I didn't watch the vid but I can add anytime you think people can't possibly be any more stupid someone will always prove you wrong.

what's the most common last words of a *******? 
"HEY YA"LL WATCH THIS HEHE!!"


----------



## Renec (Dec 21, 2012)

this was a good one as well... if there is any doubt!


----------



## PaulS (Mar 11, 2013)

OH! The Dihydrogen oxide scare... It kills more people every year than rifles do!


----------



## Kauboy (May 12, 2014)

PaulS said:


> OH! The Dihydrogen oxide scare... It kills more people every year than rifles do!


Know you facts people!
Get prepared now!
It's coming for you!
Dihydrogen Monoxide Research Division - dihydrogen monoxide info


----------



## PaulS (Mar 11, 2013)

Good times!


----------



## Slippy (Nov 14, 2013)

PaulS said:


> OH! The Dihydrogen oxide scare... It kills more people every year than rifles do!





Kauboy said:


> Know you facts people!
> Get prepared now!
> It's coming for you!
> Dihydrogen Monoxide Research Division - dihydrogen monoxide info


I think Mrs Slippy is trying to poison me, she just handed me a container of DHMO, and she said, drink this. And, my trusting self, consumed it down. Should I be worried?


----------



## Kauboy (May 12, 2014)

Potentially. There is a powerful oxidant in the chemical that *could* play havoc with your insides.

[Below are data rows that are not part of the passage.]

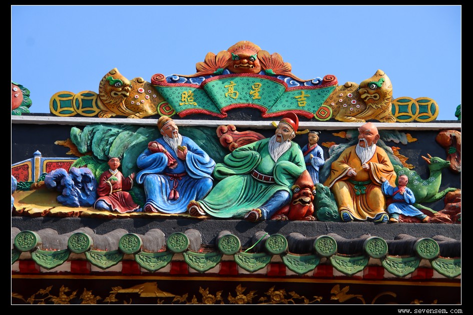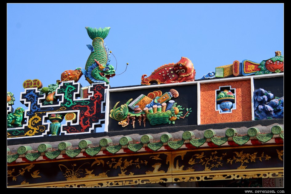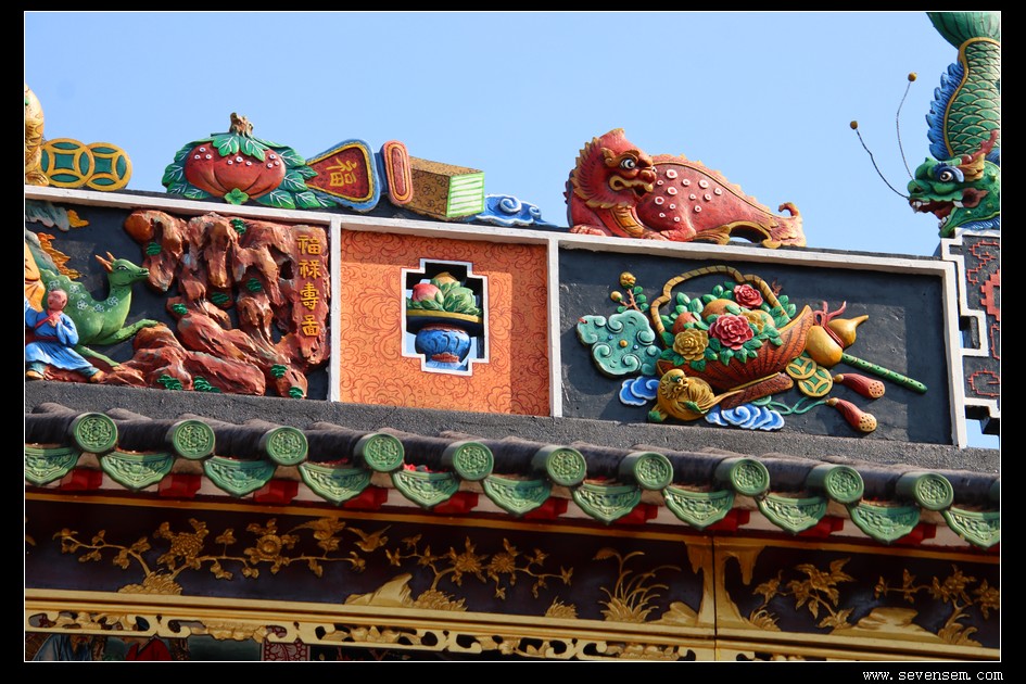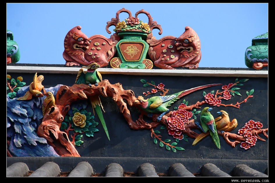 祠内更是别有洞天:屋顶的碌灰筒瓦印着“金玉满堂”“寿”字纹饰,斗拱间的木雕、砖雕、石雕精美绝伦,陶瓷花窗上的五子登科、仙鹤宝瓶图案,藏着古人对美好生活的期许。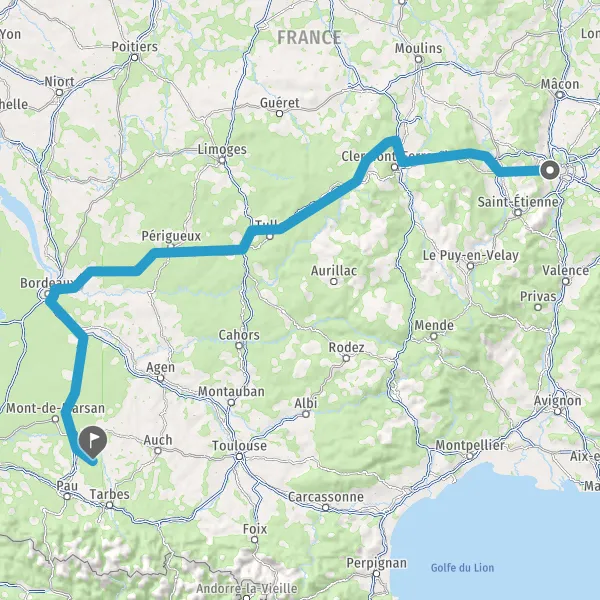 Prendre à droite et rejoindre A65. Continuer sur 105 kilomètres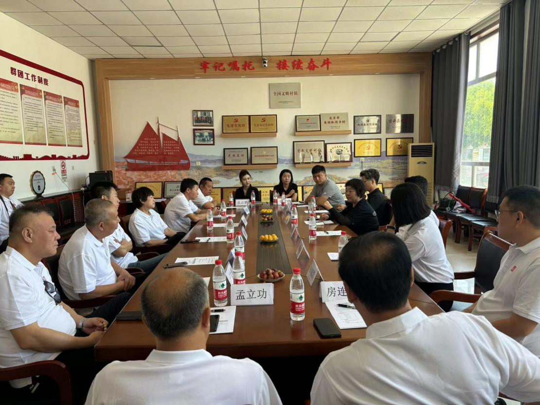 密云区溪翁庄镇尖岩村第一书记王淑平、北京农担公司怀柔及密云分公司负责人冯瑞山、北京怀柔融兴村镇银⾏董事长聂寰中,怀柔区怀柔镇下辖红螺镇村、芦庄村、东四村、西三村、甘涧村、孟庄村、红军庄村、卧龙岗村八个村的村书记,尖岩村民宿主代表印象民宿品牌创始人田洋参加调研活动。
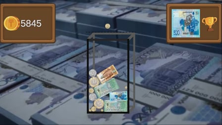 Para jugar a Tenge Merger, simplemente selecciona las monedas y billetes que deseas fusionar. Deja caer los montos en el matraz y asegúrate de combinar dos valores iguales. Una vez que los combines, el nuevo billete o moneda de mayor valor aparecerá. ¡Intenta hacerlo sin llenar demasiado el matraz!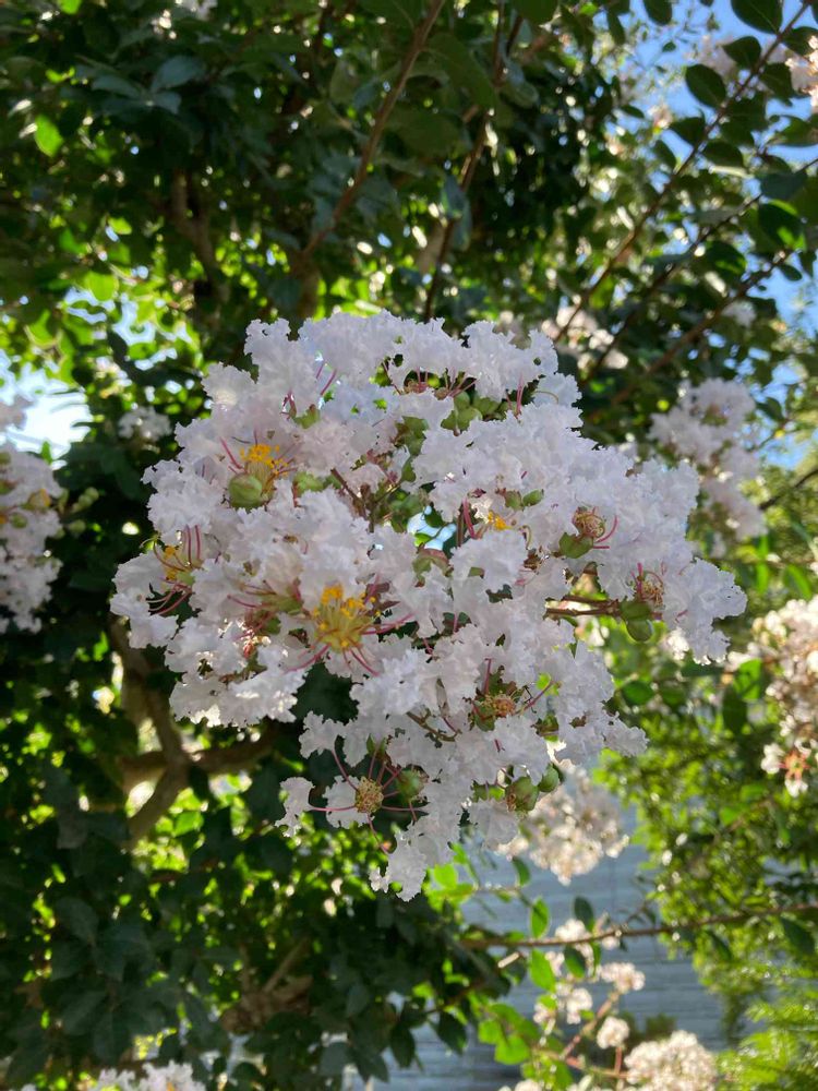 信号待ちでふと見上げてみたらサルスベリの花が涼しげに咲いていてまるでお祭りの縁日に出てくるかき氷みたいで、気持ちだけですが、心に一服の涼が訪れました。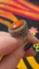 Gorgeous sterling silver ring with large sponge coral cabochon setting and Marcasite accents. Marked “925 NK Thailand.” Size 9 3/4. Very good vintage condition.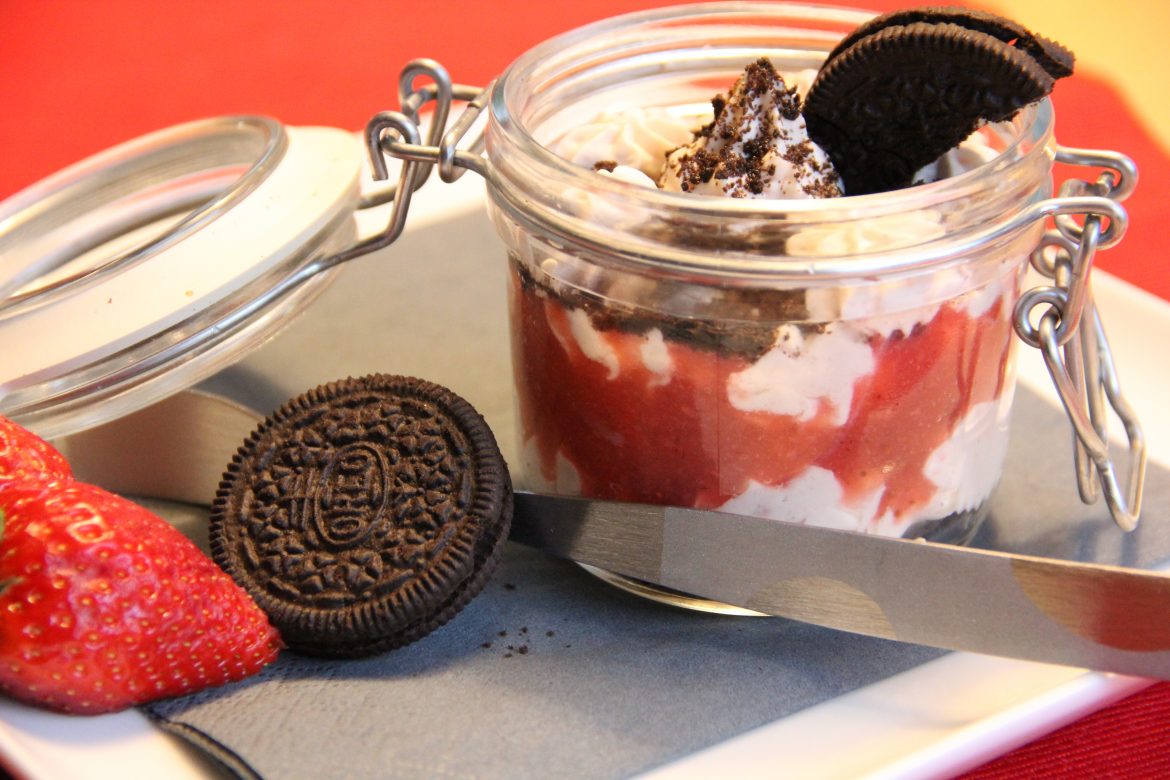 6 Oreo Kekse in einen Tiefkühlbeutel mit einem Nudelwalker zerkleinern und die Krümel in die Gläser füllen, sodass der Boden bedeckt ist. Mascarpone Creme drauf und dann pürierte Erdbeeren. Dieses so lange wiederholen wie ihr in den Gläsern Platz habt. Mit Mascarpone Creme abschließen und zur Dekoration ein halbes Oreo Keksle drauf.

Best to chase it with a glass or two of wine for the anti-oxidant properties. True, there is some DHMO in the wine, but the grape power really lowers the risk.


----------



## Prepared One (Nov 5, 2014)

A


PaulS said:


> A high IQ doesn't mean that you are "smart" and a low IQ doesn't mean you are "ignorant". A higher IQ just means you have the ability to learn faster than someone with a lower IQ. The higher IQ doesn't mean you WILL learn faster or determine WHAT you will learn. You have to do the learning in either case. There are two scales for IQ ratings.
> I happen to have an IQ of 146 on the "standard scale" and 195 on the MENSA scale. I am not in the top 2 percentile so I am not a "genius". I just learn very quickly - what I learn is not always what is taught - But I learn it quickly. Languages have always been difficult for me and I often fail at interpersonal relationships. Logic, math, history, and the other sciences I do very well at - you probably notice that in my posts. I have to work very hard at the relationship parts of communication and I am often misunderstood. I have a very thick skin and do not get offended easily but I inadvertently offend others. I am well educated in some disciplines and lacking in others. I am no "smarter" than anyone else.
> 
> I would have taken the silver bar after going in to the coin shop to verify it.


Ummmm Duuhhh can you repeat that again........reeeaaal solooowwww. LOL


----------



## Prepared One (Nov 5, 2014)

I am willing to bet all the people who took the candy voted for Oblunder and think he is still doing a great job.


----------



## Prepadoodle (May 28, 2013)

Are people stupid? Ummm, mostly, yeah.


----------